Delete row which has more than X columns in a csv

However for my case delimiter is ^H, so tried below approaches.

awk -v FS="\b" 'NF==3' sample.csv >> output.csv
awk -v FS="\\^H" 'NF==3' sample.csv >> output.csv
awk -v FS="\\cH" 'NF==3' sample.csv >> output.csv
awk -v FS="^H" 'NF==3' sample.csv >> output.csv

However, nothing worked for ^H delimiter.

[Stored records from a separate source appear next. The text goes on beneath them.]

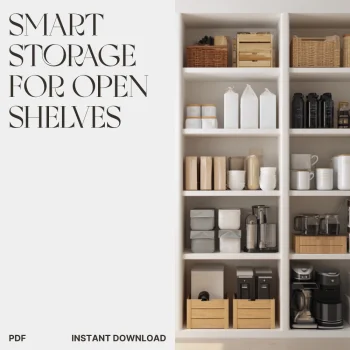Shelf Savvy: Smart Storage for Open Shelves | Printable Home Organization Checklist | How to Use Storage to Declutter Open Shelves | Digital Download
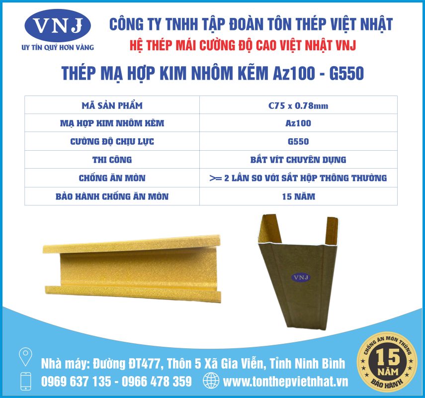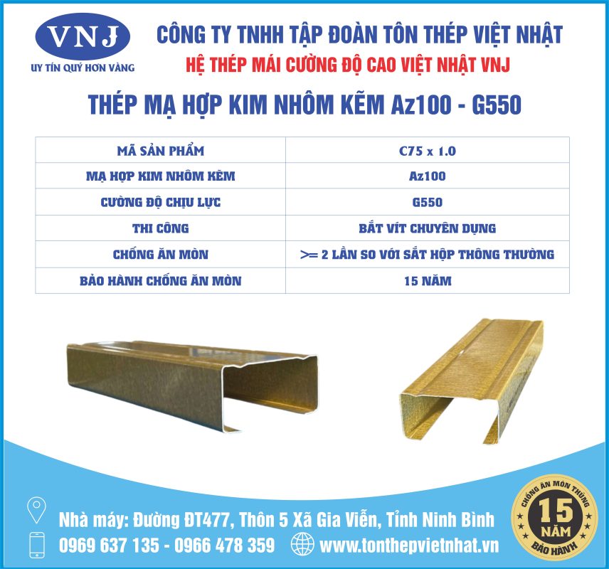 - Chất liệu: Thép cường độ cao G550 mạ nhôm kẽm AZ100
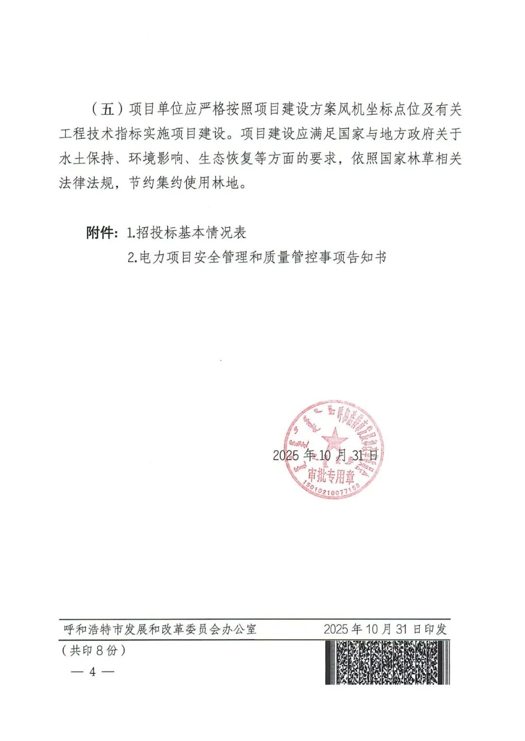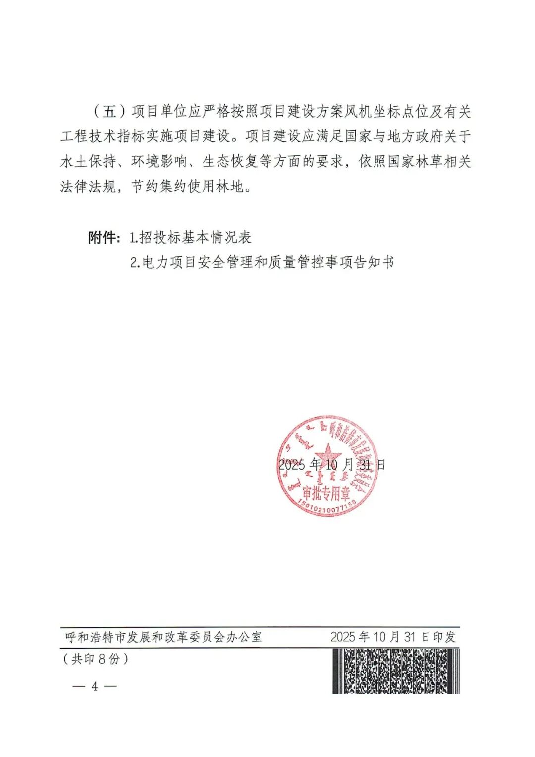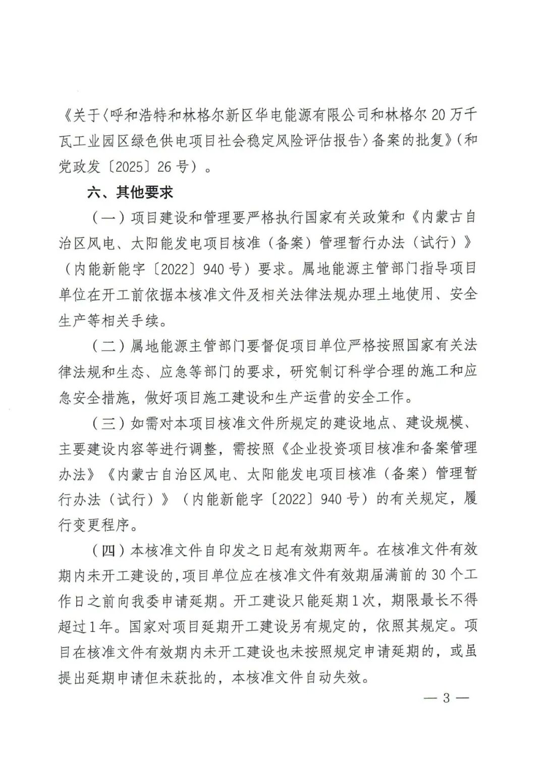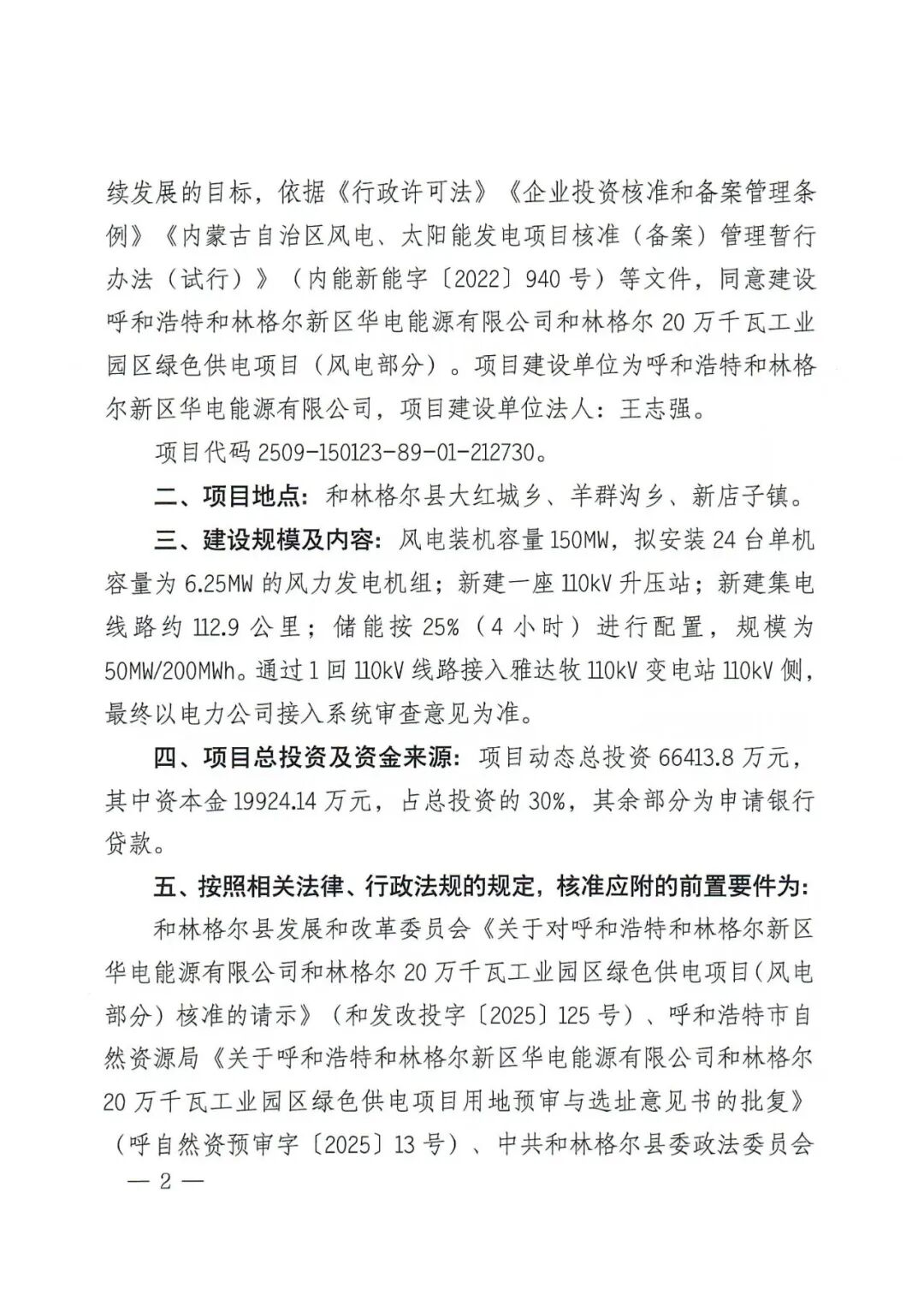呼和浩特和林格尔新区华电能源有限公司和林格尔20万千瓦工业园区绿色供电项目(风电部分)位于和林格尔县大红城乡、羊群沟乡、新店子镇,风电装机容量150MW,拟安装24台单机容量为6.25MW的风力发电机组,储能按25%(4小时)进行配置,规模为50MW/200MWh。项目动态总投资66413.8万元,项目建设单位为呼和浩特和林格尔新区华电能源有限公司。

Moreover, in the previous SO question, they are capturing the valid records(to output), I want to capture both and invalid records into two different files.

Sample.csv

timestamp,header2,header3
1^H1val2^H1val3
2^H2val2^H2val3
3^H4^H4val2^H4val3
5^H5val2^H5val3
6^H6val2^H6val3


Valid.csv

timestamp,header2,header3
1^H1val2^H1val3
2^H2val2^H2val3
5^H5val2^H5val3
6^H6val2^H6val3


Invalid.csv

timestamp,header2,header3
3^H4^H4val2^H4val3

Any suggestions please.

data_addict
  • 816
  • 3
  • 15
  • 32

1 Answers1

2

Could you please try following. It is basically looking for 2 conditions 1st is checking if Number of fields are 3 then place output into Valid.csv if number of fields are more than 3 then place output into Invalid.csv output file.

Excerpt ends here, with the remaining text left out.